• PROBLEM TO WORK ON: Print the entire listing below word for word, excluding its pictures.

• INPUT DATA:

------------

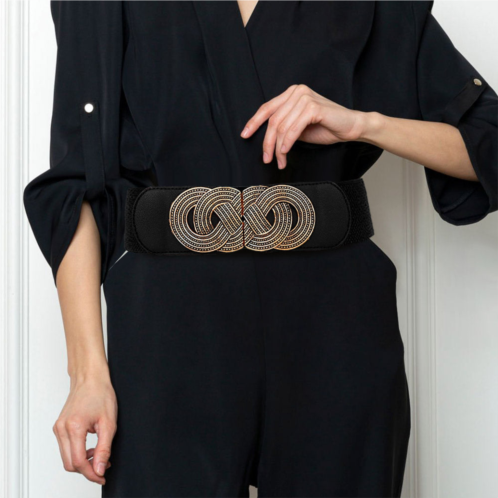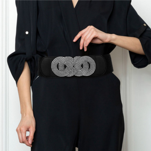 [US] FASHNZFAB interlocking circle buckle accent wide elastic waist belt
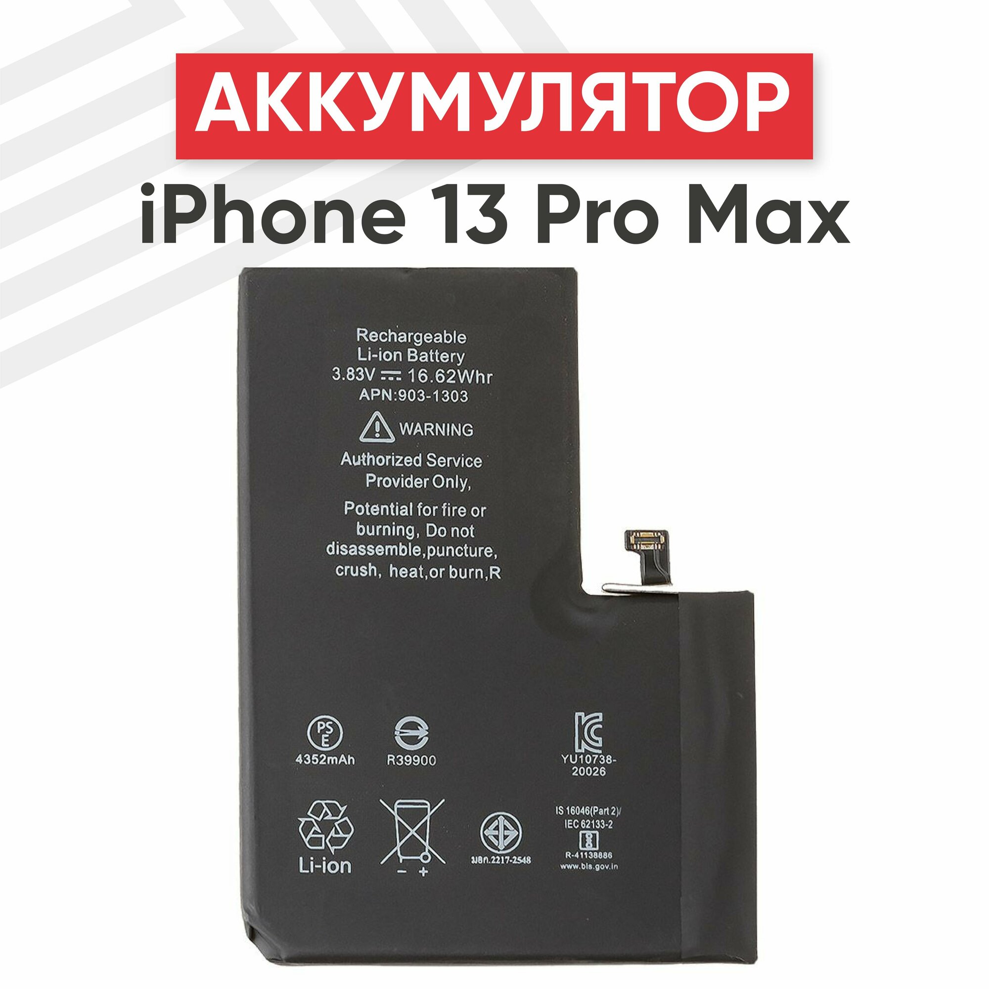 Аккумуляторная батарея для телефона Apple iPhone 13 Pro Max, 3.83В, 4325мАч, Li-ion
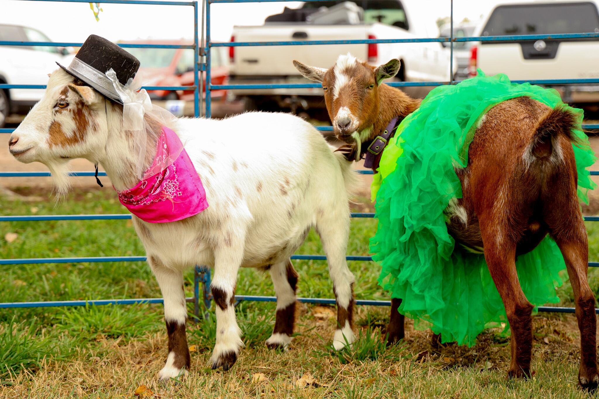 BRIGHTON, Colo. — Nigerian Dwarf rescue goats, dressed in vibrant colors, strutted around a pen at the Fall Shindig at Sonflower Ranch.

------------

• YOUR RESPONSE:
 [US] FASHNZFAB interlocking circle buckle accent wide elastic waist belt
 Аккумуляторная батарея для телефона Apple iPhone 13 Pro Max, 3.83В, 4325мАч, Li-ion
 BRIGHTON, Colo. — Nigerian Dwarf rescue goats, dressed in vibrant colors, strutted around a pen at the Fall Shindig at Sonflower Ranch.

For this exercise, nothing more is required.